I love my Mac Pro. It is beautiful, quiet, sinfully quick, and the Mac OS just works to help me do what I want to do. But as a gaming machine it sucks.

Of course Macs are not designed for gaming. If you want to work with media, they are perfection; but the graphics cards are not up to the job for modern gaming, and the Mac OS does not attract many games.

I could pander to my gaming needs by running a separate PC, complete with noisy fans and all the attendant grief that comes with PC hardware. Instead, I have XP installed on one of my four Mac Pro disks, and today an appropriate gaming card was delivered.

Being Apple, they charged at least 50% more for the card than I would pay in the shops for a PC version, and fitted it with two graphics adapters, one of which will only work with an Apple monitor of a certain type of which only one model has been released. Sometimes they are annoying bastards.
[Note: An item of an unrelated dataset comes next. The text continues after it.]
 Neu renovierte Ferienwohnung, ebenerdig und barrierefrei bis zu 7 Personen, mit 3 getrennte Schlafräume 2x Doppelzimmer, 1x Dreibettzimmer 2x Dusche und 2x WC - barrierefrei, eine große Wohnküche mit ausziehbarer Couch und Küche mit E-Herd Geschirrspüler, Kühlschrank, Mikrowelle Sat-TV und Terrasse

But the new card is deliciously red:

4870

And it is substantially larger than the feeble offering it replaces:

4870

A quick test with the X-Plane flight simulator on the Mac and Empire Total War in XP shows that it performs as well as it looks; I can run games on the highest settings without a problem. Joy.

So now I have something to do while she who must be obeyed spends her evenings losing chips at the Facebook poker tables. Sadly, I now have nothing left to pine for in respect of computing. I have my perfect machine, at least for a year or so.

Comments 🔗

2009-05-18 | todd says

I gave up on ATI a while ago, I still use AMD but ati i felt started lagging behind nvidia.
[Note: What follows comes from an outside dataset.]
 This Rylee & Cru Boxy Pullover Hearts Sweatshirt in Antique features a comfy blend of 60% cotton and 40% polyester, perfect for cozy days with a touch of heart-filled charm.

my current setup is a quad core amd, 8gb ram, dual sli nvidia cards (2 video cards linked together) and raid 0 for double hdd speed.

give fallout 3 a try if you can get your hands on it.


2009-05-18 | Spike says

I have Fallout 3 on the Xbox, put more than 60 hours into it so far, must get the expansion pack.

Upgrades for my perfect machine (there is always something you can do…) would be an SSD as a boot drive and Raid 0 drives both internally and externally. But for now it feels plenty fast enough.

Nvidia drivers on the Mac are generally not as well supported as ATI, although the newly announced 285 for the Mac looks like a beast.


2009-05-25 | todd says

haha i just finished it yesterday :D

yeah I was looking at SSD’s last week, PQI drives are the cheapest I’ve found. 128gb under $500 AUD, 64gb under $250 AUD.

still pricey for me though…


2009-05-25 | todd says

my pc speed is ok for the moment, I want to upgrade my monitors next, i am running 4x 19" widescreens at the moment, would like to pick up 4x 24" widescreens. table space is becoming an issue…


2009-05-25 | Spike says

Numerical monitor envy, but why do you need four? I need two but would happily need more if someone gave me a reason.